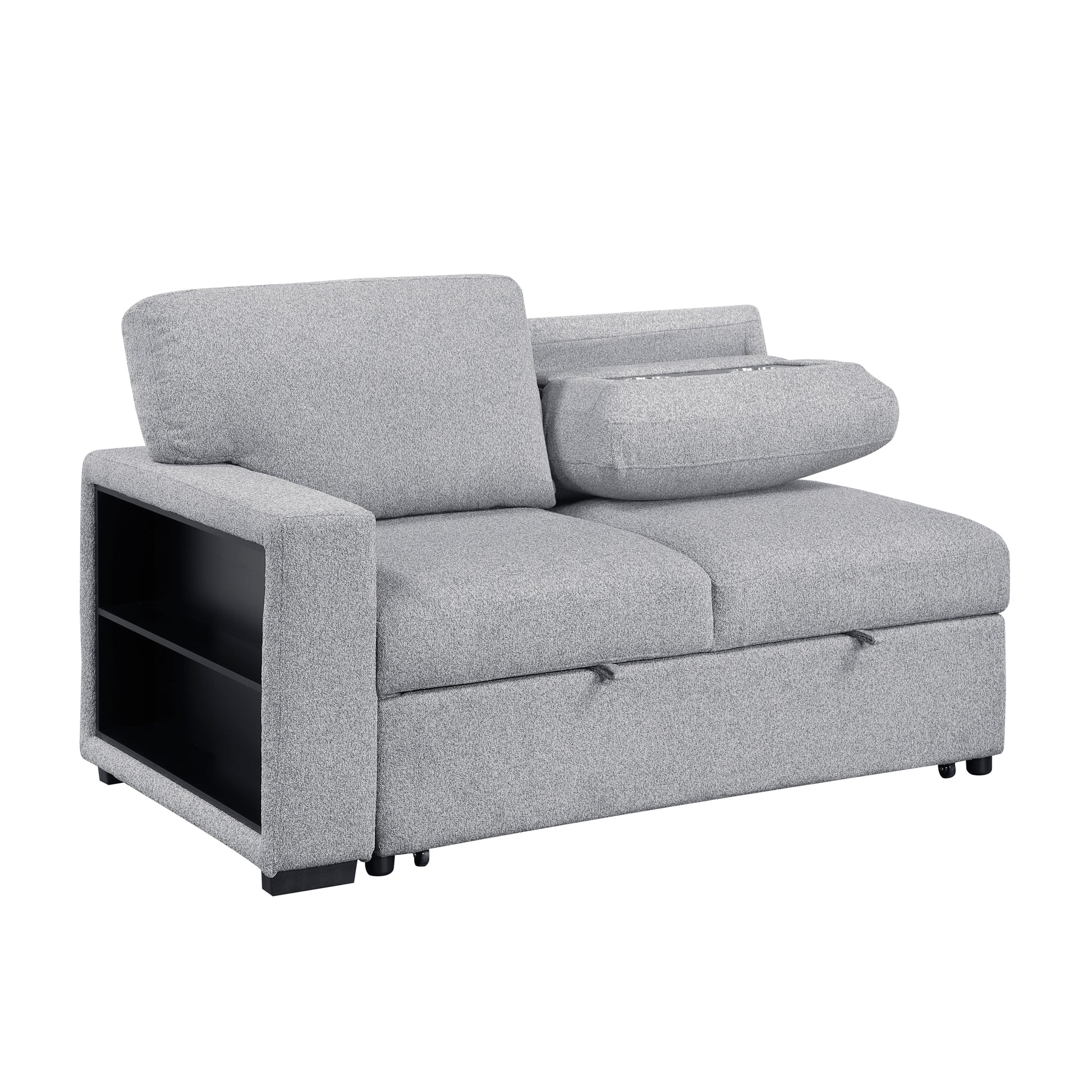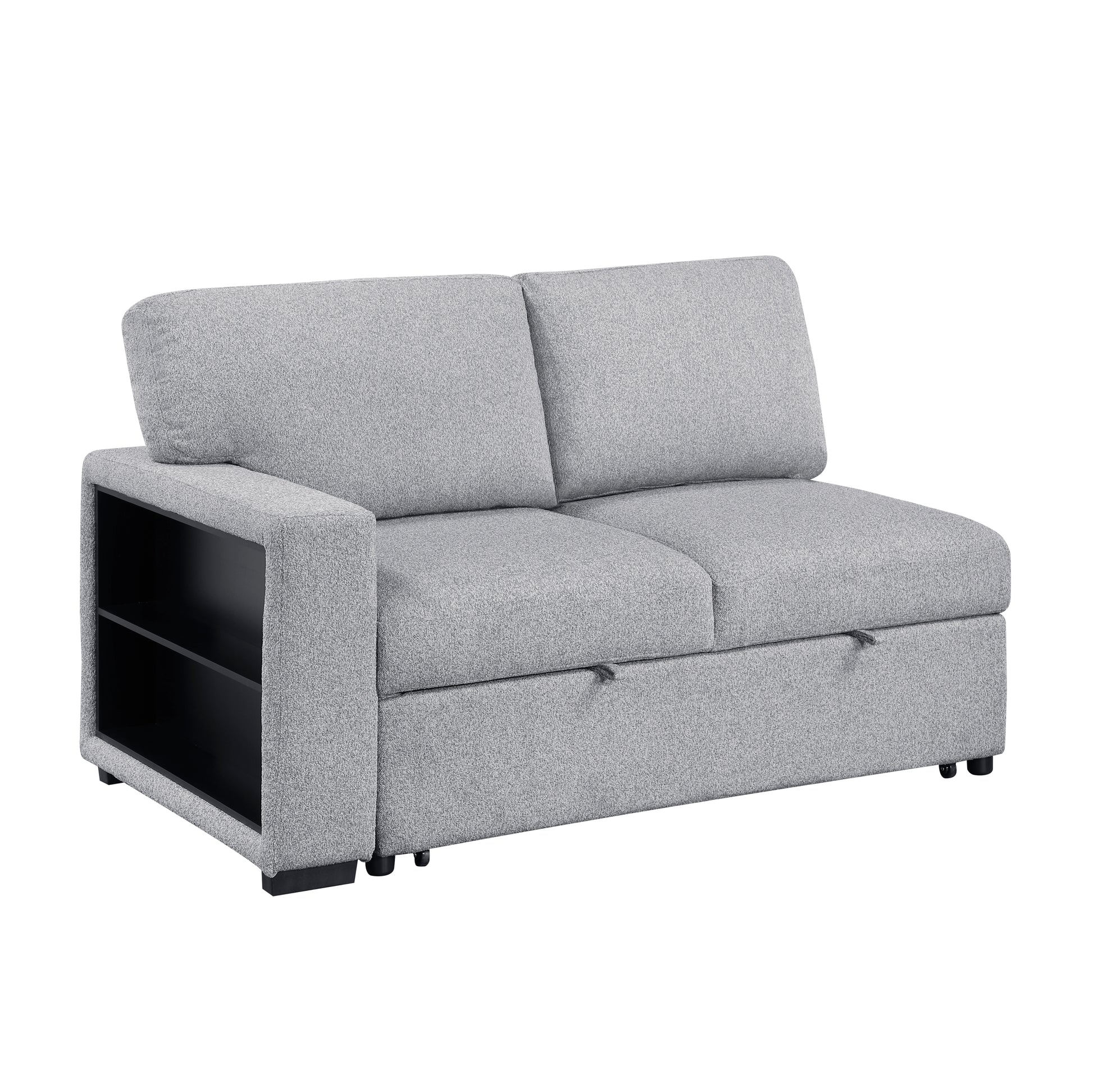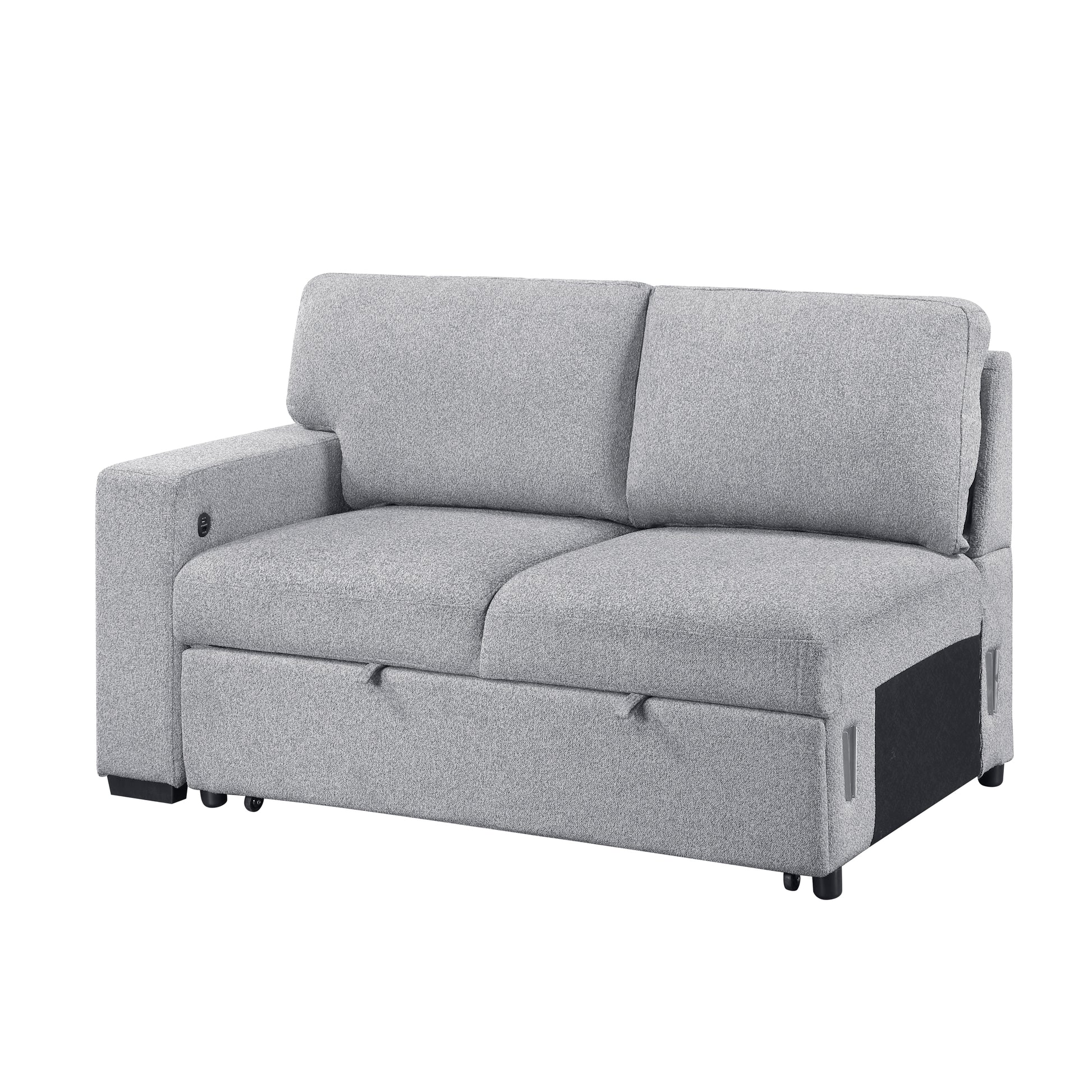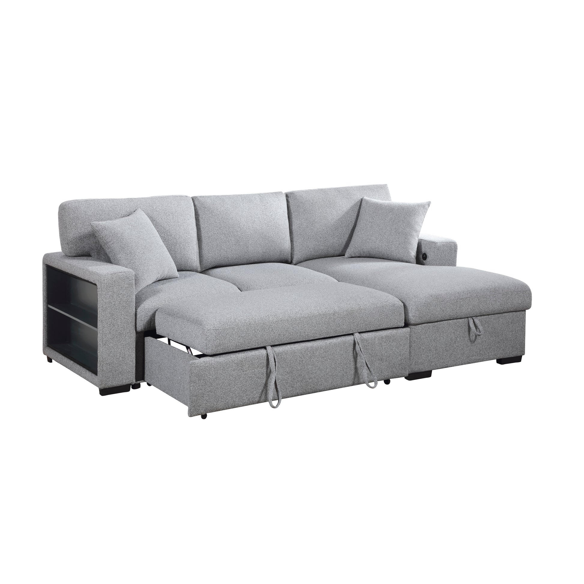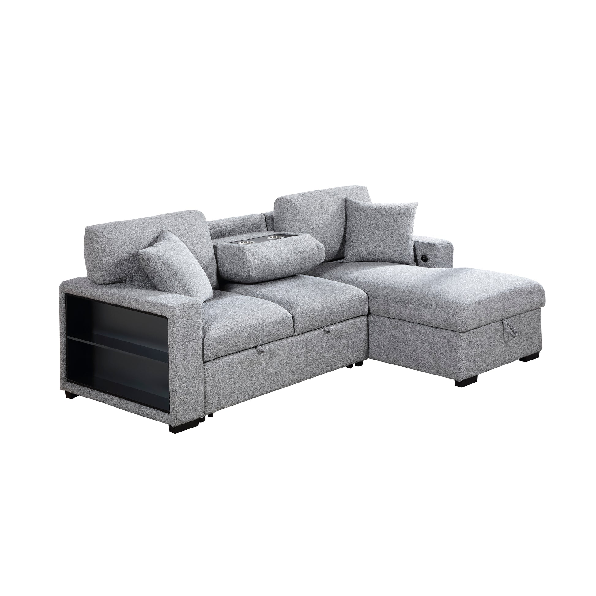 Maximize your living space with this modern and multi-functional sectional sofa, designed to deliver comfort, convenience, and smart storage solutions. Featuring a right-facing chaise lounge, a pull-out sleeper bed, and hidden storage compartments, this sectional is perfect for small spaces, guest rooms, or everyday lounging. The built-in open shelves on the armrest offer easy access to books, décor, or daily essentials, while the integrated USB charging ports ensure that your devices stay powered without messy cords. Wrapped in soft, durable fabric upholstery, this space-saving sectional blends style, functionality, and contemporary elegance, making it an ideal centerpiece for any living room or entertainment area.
┄┄┄┄┄┄┄┄┄┄┄┄┄┄┄┄┄┄┄┄
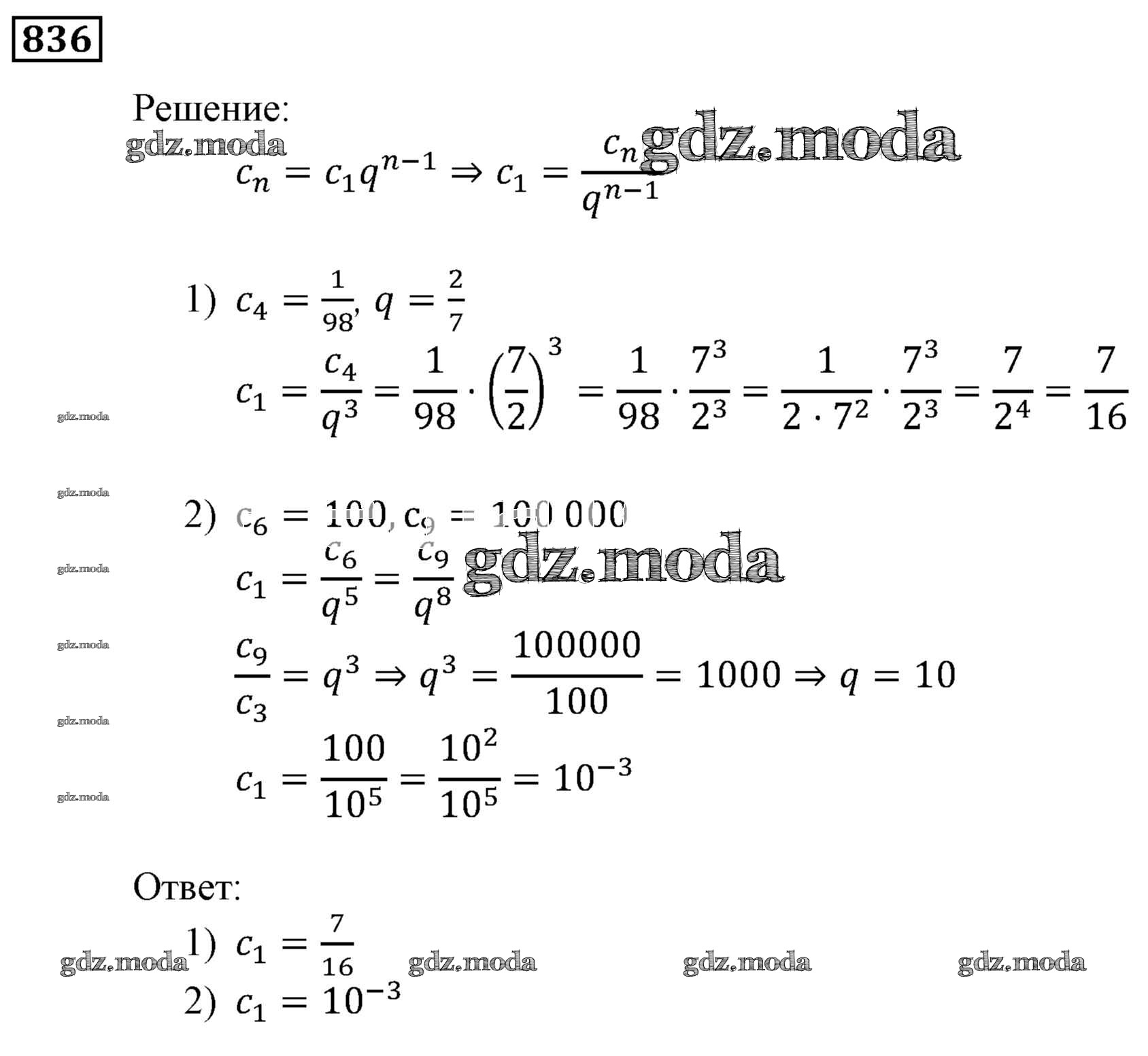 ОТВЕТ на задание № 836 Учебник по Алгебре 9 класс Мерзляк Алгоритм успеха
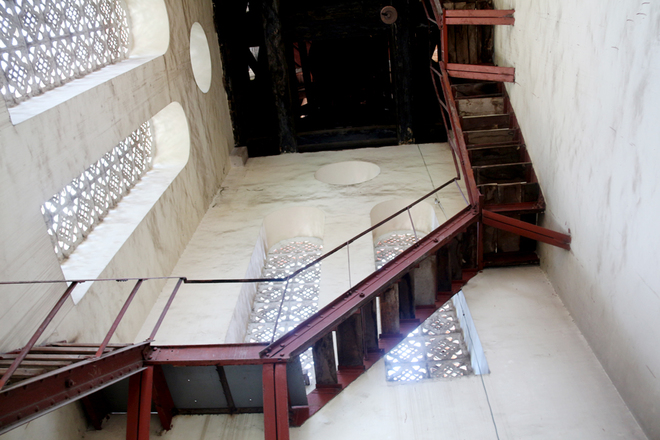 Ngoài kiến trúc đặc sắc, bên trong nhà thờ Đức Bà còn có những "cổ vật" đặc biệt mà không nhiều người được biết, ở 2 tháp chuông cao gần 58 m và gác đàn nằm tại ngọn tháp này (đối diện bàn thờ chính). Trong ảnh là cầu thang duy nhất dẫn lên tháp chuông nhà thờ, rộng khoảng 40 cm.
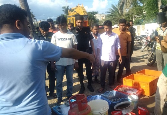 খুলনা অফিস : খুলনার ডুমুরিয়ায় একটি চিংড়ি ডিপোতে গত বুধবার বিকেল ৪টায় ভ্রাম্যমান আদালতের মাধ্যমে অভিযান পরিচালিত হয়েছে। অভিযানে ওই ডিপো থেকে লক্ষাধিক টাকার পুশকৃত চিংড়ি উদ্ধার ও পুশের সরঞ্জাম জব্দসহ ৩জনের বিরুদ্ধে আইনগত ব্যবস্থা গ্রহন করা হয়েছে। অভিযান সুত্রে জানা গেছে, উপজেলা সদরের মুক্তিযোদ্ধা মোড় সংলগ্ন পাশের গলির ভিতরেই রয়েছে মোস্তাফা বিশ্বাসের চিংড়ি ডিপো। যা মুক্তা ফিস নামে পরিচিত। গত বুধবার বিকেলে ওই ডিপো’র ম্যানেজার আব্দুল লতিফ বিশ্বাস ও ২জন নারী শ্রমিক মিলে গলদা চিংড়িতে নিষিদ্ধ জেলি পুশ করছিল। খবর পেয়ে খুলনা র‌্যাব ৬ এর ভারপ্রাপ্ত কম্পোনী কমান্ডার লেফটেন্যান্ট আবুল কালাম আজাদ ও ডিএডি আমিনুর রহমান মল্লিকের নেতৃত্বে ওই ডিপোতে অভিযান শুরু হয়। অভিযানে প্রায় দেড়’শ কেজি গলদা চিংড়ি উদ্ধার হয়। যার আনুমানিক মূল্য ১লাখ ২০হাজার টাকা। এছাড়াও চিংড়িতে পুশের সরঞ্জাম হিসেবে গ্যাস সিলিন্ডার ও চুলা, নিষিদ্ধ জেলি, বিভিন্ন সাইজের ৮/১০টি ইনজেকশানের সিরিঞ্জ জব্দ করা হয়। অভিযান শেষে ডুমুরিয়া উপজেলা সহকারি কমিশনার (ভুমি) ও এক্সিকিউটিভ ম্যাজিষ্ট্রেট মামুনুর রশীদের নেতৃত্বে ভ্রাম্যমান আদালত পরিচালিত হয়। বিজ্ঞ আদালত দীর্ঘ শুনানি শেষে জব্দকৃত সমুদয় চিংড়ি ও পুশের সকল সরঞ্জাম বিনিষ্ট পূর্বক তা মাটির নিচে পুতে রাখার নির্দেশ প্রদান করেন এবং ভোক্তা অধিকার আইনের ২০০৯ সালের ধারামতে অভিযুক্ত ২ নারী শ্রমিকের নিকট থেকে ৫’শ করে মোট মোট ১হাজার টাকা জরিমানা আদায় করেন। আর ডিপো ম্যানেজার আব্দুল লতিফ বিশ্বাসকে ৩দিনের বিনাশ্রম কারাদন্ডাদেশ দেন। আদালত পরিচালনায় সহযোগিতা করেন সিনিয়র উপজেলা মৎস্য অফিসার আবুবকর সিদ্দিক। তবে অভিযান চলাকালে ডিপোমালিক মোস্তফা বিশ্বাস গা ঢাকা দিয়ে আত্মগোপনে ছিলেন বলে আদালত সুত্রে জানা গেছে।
┄┄┄┄┄┄┄┄┄┄┄┄┄┄┄┄┄┄┄┄
> **Task item**: Set the pictures aside and transcribe exactly the stretch of lines above, beginning with the one holding "ОТВЕТ на задание" and ending with the one holding "Ngoài kiến trúc".

> **Result below**:
 ОТВЕТ на задание № 836 Учебник по Алгебре 9 класс Мерзляк Алгоритм успеха
 Ngoài kiến trúc đặc sắc, bên trong nhà thờ Đức Bà còn có những "cổ vật" đặc biệt mà không nhiều người được biết, ở 2 tháp chuông cao gần 58 m và gác đàn nằm tại ngọn tháp này (đối diện bàn thờ chính). Trong ảnh là cầu thang duy nhất dẫn lên tháp chuông nhà thờ, rộng khoảng 40 cm.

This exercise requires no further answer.